## What the task requires:
Gather every line below where "while" appears.

## Supplied records:
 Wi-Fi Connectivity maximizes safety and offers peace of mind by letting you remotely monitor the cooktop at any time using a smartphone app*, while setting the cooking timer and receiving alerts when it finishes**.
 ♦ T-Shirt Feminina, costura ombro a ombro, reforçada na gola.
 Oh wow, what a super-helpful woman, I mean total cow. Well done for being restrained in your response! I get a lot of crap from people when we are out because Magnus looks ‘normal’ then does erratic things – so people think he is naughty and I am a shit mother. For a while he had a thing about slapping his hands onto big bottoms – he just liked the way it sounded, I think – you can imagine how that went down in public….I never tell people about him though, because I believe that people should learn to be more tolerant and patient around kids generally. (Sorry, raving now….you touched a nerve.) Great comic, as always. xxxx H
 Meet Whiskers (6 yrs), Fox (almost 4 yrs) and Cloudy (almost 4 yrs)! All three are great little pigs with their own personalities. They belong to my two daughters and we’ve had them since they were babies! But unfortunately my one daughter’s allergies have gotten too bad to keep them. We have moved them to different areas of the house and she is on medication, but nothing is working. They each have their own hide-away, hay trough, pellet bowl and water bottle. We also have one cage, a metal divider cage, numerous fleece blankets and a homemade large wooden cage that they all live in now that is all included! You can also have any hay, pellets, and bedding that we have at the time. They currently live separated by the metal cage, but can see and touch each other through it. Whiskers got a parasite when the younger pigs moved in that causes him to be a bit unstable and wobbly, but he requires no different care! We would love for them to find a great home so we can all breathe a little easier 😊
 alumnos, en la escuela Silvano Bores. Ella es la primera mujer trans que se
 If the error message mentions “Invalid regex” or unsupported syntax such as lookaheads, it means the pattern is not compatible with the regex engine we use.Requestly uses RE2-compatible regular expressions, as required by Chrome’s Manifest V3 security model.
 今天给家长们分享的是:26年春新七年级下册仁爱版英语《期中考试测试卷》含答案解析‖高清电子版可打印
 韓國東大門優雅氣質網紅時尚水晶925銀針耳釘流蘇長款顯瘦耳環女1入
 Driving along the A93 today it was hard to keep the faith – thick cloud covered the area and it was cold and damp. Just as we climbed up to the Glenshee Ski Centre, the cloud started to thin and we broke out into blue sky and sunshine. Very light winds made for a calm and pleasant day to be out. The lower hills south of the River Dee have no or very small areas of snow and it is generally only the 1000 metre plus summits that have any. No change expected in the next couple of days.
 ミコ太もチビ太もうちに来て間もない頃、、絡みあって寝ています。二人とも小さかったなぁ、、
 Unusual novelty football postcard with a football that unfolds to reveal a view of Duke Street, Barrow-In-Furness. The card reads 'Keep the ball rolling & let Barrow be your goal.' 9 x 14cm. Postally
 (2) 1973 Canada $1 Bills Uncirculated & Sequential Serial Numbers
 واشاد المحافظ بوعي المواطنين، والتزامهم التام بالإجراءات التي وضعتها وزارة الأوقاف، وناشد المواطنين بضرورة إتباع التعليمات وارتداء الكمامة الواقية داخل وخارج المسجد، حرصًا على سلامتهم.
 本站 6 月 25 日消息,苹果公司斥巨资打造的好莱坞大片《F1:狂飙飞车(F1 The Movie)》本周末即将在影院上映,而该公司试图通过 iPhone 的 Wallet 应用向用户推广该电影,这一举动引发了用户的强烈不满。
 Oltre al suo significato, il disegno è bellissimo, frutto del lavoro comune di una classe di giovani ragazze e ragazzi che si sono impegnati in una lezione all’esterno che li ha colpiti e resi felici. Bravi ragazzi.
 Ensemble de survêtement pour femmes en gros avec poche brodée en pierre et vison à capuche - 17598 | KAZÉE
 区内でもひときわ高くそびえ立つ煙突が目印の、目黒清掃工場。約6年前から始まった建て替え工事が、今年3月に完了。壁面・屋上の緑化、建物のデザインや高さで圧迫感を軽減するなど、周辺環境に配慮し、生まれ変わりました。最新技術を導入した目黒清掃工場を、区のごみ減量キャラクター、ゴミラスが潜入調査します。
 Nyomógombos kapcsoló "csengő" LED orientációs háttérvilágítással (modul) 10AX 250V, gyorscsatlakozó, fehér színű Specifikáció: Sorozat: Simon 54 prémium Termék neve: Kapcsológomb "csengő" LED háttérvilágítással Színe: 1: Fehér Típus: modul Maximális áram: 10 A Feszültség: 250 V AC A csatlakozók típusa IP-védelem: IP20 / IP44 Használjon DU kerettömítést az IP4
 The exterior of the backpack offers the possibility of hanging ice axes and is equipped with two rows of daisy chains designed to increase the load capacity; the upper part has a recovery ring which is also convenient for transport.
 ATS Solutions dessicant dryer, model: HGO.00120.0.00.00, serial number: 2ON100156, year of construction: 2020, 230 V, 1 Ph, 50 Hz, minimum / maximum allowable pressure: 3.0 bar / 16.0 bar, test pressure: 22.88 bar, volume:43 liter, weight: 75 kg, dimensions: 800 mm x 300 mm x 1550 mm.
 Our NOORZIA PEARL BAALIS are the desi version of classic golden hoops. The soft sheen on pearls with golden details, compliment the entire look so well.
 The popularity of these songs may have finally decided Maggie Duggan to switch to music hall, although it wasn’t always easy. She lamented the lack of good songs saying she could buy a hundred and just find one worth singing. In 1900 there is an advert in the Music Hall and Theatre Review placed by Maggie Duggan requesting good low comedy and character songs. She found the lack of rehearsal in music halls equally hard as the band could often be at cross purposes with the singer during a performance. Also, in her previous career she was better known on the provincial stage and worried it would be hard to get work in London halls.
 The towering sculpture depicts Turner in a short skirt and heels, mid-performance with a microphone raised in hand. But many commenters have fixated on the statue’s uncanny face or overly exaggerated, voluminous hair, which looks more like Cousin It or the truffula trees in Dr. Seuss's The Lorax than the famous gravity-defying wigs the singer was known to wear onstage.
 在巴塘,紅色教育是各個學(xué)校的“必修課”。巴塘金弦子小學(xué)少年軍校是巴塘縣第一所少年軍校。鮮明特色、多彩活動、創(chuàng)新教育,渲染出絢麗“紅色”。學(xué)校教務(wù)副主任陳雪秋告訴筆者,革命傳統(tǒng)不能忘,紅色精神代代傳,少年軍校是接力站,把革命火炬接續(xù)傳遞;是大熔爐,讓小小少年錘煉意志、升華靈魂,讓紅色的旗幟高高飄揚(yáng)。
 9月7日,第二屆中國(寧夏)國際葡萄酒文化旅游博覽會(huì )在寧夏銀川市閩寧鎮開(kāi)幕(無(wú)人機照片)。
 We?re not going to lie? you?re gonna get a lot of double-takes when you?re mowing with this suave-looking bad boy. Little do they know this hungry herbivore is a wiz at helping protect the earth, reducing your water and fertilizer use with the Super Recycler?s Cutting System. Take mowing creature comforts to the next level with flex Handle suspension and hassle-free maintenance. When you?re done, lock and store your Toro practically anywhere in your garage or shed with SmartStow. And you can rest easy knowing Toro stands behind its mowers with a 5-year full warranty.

## Answer space:
 Wi-Fi Connectivity maximizes safety and offers peace of mind by letting you remotely monitor the cooktop at any time using a smartphone app*, while setting the cooking timer and receiving alerts when it finishes**.
 Oh wow, what a super-helpful woman, I mean total cow. Well done for being restrained in your response! I get a lot of crap from people when we are out because Magnus looks ‘normal’ then does erratic things – so people think he is naughty and I am a shit mother. For a while he had a thing about slapping his hands onto big bottoms – he just liked the way it sounded, I think – you can imagine how that went down in public….I never tell people about him though, because I believe that people should learn to be more tolerant and patient around kids generally. (Sorry, raving now….you touched a nerve.) Great comic, as always. xxxx H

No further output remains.